Thirdly, find an accountability partner or team. Tell these people your goal(s) and your plan, so they know exactly what they need to do. Pick someone who’s going to call you out if you aren’t following through, but also support your efforts. This needs to be people who want you to succeed. Consider choosing people from different aspects of your life (work, home, school) to keep you on track. If quitting smoking is the goal, then ask non-smoking coworkers to help you with this by discouraging you from going outside with your smoking co-workers. Remember that you need to be receptive to the accountability police. You cannot get mad or upset when they step in to do the job that you asked them to do. They are there to help you, so accept that help.

There is also the challenge of dealing with those who don’t want to see you succeed, the saboteur can sideline your success. Don’t let them steal your joy. Let’s be honest, your change in lifestyle may put a kink in someone else’s. If you’ve made the commitment to eat a healthier diet, and you are the cook at home, don’t be surprised if your family isn’t all that supportive. Just because you want to eat healthier doesn’t mean that they do. Bringing home fast food for dinner, stopping at the store to pick up chips, requesting to go out to eat may all be challenges that you will need to deal with. Be ready, what will you do if this happens? Do you have the will power to not eat that stuff if it’s in the house or in front of you?

Remember, if you fall off the horse, get back on! Just because you get off track doesn’t give you permission to bail on the entire plan. Recognize the stumble and re-group. Realize that you may need to make some adjustments along the way and that’s OK. If you sprain your knee and can’t run for 6 weeks, then that half marathon may need to change to a 5K goal. You can plan for that half marathon down the road (see what I did there).

And probably most importantly, make a plan and BE SPECIFIC. What things are you going to do to get you to the finish line? Here’s an example:

Goal: In 6 months I want to fit back into my jeans from 2 years ago (2 sizes down from your current)

Specific strategies to get me there:

1. Every week make a grocery list of food that I will be preparing for the week and not divert from that list, unless it’s a healthy option. Don’t go to the grocery store hungry. (The grocery store can be a dangerous place, all those goodies calling your name).


2. Meal prep for the week (including snacks) every Sunday, so I have better food options available, and less temptation to pick something up on my way home. Pack my lunch every day, include snacks. (If you’re a person who likes something sweet after your meal, then pack a small portion of fruit to satisfy that sweet tooth. Or if you crave that salty, crunchy snack try cucumbers or carrots with a sprinkle of salt. Having healthy options at your fingertips will keep you away from that vending machine or convenience store trip).


3. Subscribe to a healthy recipe group, select recipes to make and then make them. (It doesn’t help you if you just save a bunch of recipes and never try them. I’ll admit that I’m guilty of this).

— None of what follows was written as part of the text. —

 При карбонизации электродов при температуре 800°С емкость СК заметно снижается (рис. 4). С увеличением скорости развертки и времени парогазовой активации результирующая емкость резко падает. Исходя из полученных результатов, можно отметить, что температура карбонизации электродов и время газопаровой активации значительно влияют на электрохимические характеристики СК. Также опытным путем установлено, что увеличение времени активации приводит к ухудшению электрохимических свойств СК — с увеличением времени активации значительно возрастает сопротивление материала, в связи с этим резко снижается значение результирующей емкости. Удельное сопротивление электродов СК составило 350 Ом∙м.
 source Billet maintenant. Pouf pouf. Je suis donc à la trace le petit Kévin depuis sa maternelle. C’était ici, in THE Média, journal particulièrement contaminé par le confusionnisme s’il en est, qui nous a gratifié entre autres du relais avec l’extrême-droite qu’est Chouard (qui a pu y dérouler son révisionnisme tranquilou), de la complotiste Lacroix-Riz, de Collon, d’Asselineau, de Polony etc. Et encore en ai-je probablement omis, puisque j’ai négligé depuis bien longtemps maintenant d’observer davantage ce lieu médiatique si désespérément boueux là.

4. I am a stress eater, I will incorporate stress relieving activities into my routine: walking, yoga, meditation, deep breathing, music therapy.


5. Join a gym because I hate to work out alone. I’ve learned from experience that I will not do it on my own.

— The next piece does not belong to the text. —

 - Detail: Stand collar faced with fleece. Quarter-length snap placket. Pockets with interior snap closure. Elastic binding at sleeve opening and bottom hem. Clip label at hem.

6. Go to the gym 3 evenings/week

  • pack my clothes the night before and take them to work with me so I can stop at the gym on my way home.

  • look at the gym schedule ahead of time and plan on when I am going

  • find an accountability gym partner who is expecting me to be there and will call me if I don’t show up.

  • have an alternate plan if something happens (i.e. class is cancelled, snowstorm, running late from work).

7. Substitute water for soda and juice.


8. Tell my plan and goal to my co-workers, family and friends and ask them to hold me accountable and call me out if I’m self- sabotaging.

All right, so you’ve got the plan in place. No excuses…GO GET IT DONE!